I submitted an edited version of my last post, “supreme court rejects inmates’ rights to dna,” to the Oregonian editorial board, and it’s been selected along with one other submission as the Wednesday offering for a new feature on their online opinion page:

Jason, Richard:
I’ve chosen your letters on the recent Supreme Court DNA ruling as the Wednesday offering for a new feature on our online opinion page at

Point-Counterpoint offers two opposing viewpoints on the same subject.

Your letters are scheduled to post at 9 a.m. 6/24. Readers may comment on your thoughts and you are welcome to respond to them and to each other.
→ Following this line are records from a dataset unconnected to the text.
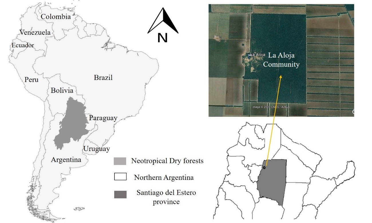 The study area of this work was located in the northwest of Santiago del Estero province, within the Pellegrini Department, between the city of Rapelli and the town of Pozo Betbeder (26°27'43.40"S, 64°22'26.48"W) (Fig. 1). The community of "La Aloja" is made up of 12 families whose homes are located within a 1,000 ha of native forest fragment. Half of this fragment is for communal use, while the other half is for private use. Its residents lack electricity or gas supply, so the main source of heat and energy is natural forest firewood. The vegetation structure is variable within the communal use area, being more open and degraded in the surroundings of the community. The vegetation consists of the typical species of the seasonal xerophyte forest that is characterized by two open tree strata with some scattered emergent and a continuous shrubby stratum (Morello & Adamoli, 1974; Tálamo et al., 2013). The upper stratum reach the 15m approximately, and is occupied by both "quebracho" species, the red (Schinopsis lorentzii (Griseb.) Engl.) and the more frequent white (Aspidosperma quebracho-blanco (Schltr.) Lyons). The middle stratum present species such as the "mistol" (Sarcomphalus mistol(Griseb.)), the "guayacán" (Caesalpinia paraguariensis (Parodi) Burkart), "brea" (Parkinsonia praecox (Ruiz & Pav.) Hawkins), several species of acacias, cacti and Neltuma (N. alba, N .ruscifolia and N. nigra Griseb.).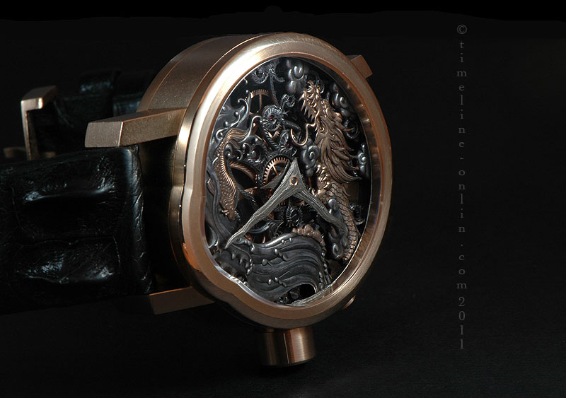 Модель Dragon Gate Legend ("Легенда драконовых ворот") от швейцарской часовой компании Cornelius & Cie отличается великолепной художественной гравировкой, выполненной выдающимся голландским мастером-гравером Kees Engelbarts, который, кстати, является одним из двух соучредителей бренда.
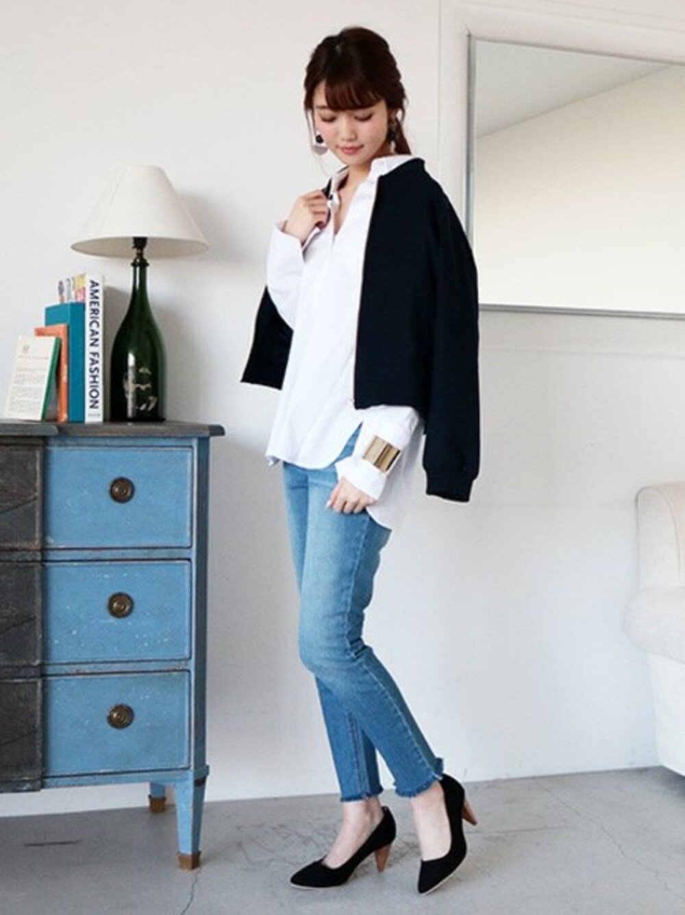 ビッグサイズのシャツブラウスは、ざっくり着てラフに着こなしたい♪ ツイルMA-1で今年らしさを取り入れたコーディネート。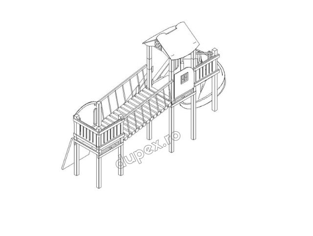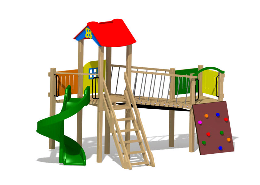 Produsul Complex de Joaca CJ.23.01N este confectionat din structura de lemn. Acoperit cu bait si lac pe baza de apa, este rezistent la intemperii.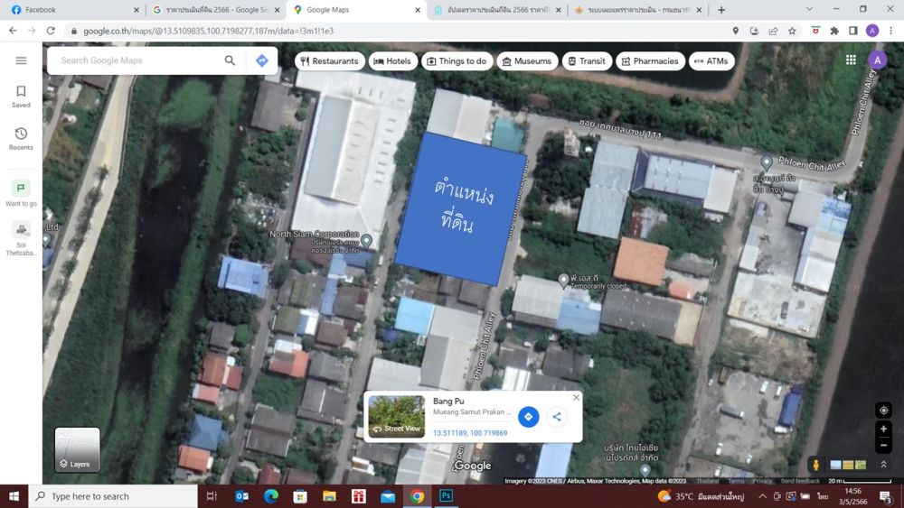 ขาย/เช่าที่ดินเปล่าในซอยเทศบาลบางปู 111 (ซอยเพลินจิต) ทำเลดี รองรับถนน 8 เลน สมุทรปราการ เจ้าของขายเอง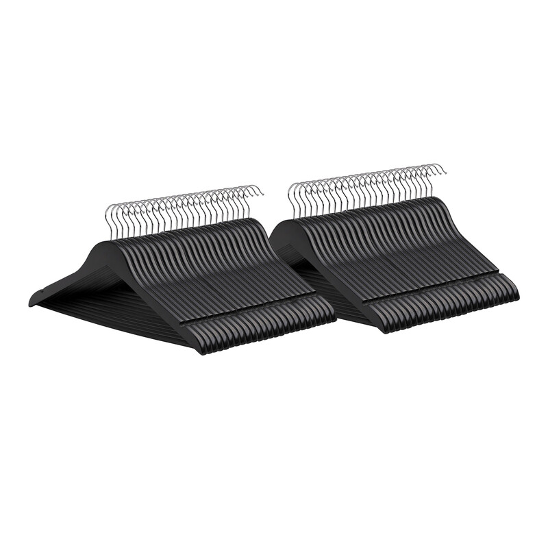 SONGMICSHOME Solid Wood Hanger, Set of 50, with Shoulder Grooves, for Suits, Shirts, Coats, Black and Silver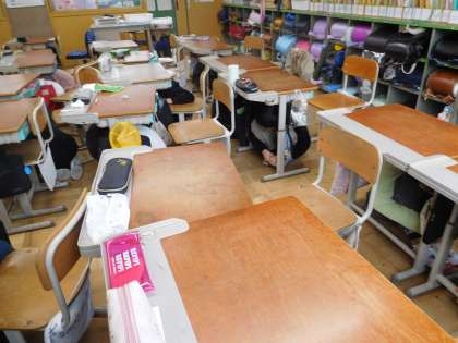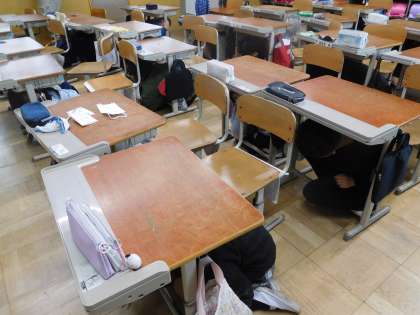 放送で訓練が始まると低い姿勢をとり、頭を守り、動かないという3つの安全行動をとりました。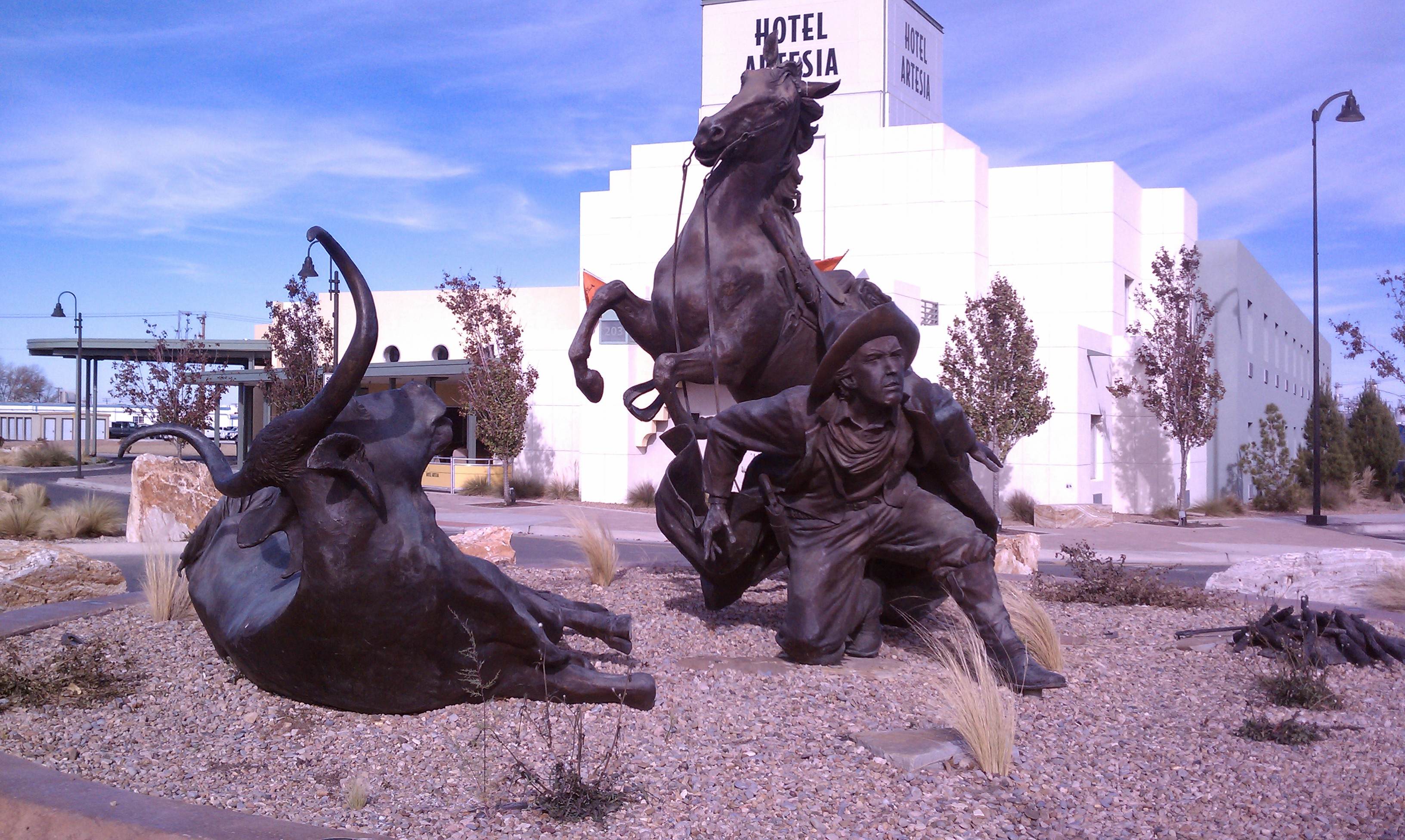 Excitement during the cattle drive… Date: May 3, 2013Author: Museum Curator Category: Art Tags: bronze sculpture, cattle drive, cowboy, sculpture, western scene Post navigation ← The Victorian era in repose… Each surface tells a different story… → 32.843353 -104.39876 Sculpture of cowboy. Part of the cattle drive series here in town. Where is this? Part of the Cattle Drive Series works. Share this: Click to share on X (Opens in new window) X Click to share on Facebook (Opens in new window) Facebook Click to share on Pinterest (Opens in new window) Pinterest Click to share on Tumblr (Opens in new window) Tumblr Click to email a link to a friend (Opens in new window) Email Like Loading... Related

Thanks very much for contributing to our community’s conversation.

All best,

Helen Shum
Public Access Editor
The Oregonian

Here’s the edited version:

No innocent person should be incarcerated, but the recent Supreme Court ruling seriously undermines an inmate’s ability to challenge their incarceration and prove their innocence via new, more advanced DNA testing methods.

The 5-4 ruling denies that inmates have a constitutional right to DNA testing after their conviction and places the states in charge of setting their own policies concerning whether inmates can have access to post-conviction DNA testing.

Amendment 6 of the U.S. Constitution states that “the accused shall enjoy the right … to be confronted with the witnesses against him” and “obtaining witnesses in his favor.” And this applies to physical evidence as well.

The right to, as Reuters puts it, “obtain access to a state’s biological evidence to conduct DNA testing when pursuing claims of innocence” should easily fall under this amendment.

I agree with the dissenting justices that “the right to post-conviction DNA testing should not depend on the widely varying laws enacted by the states.”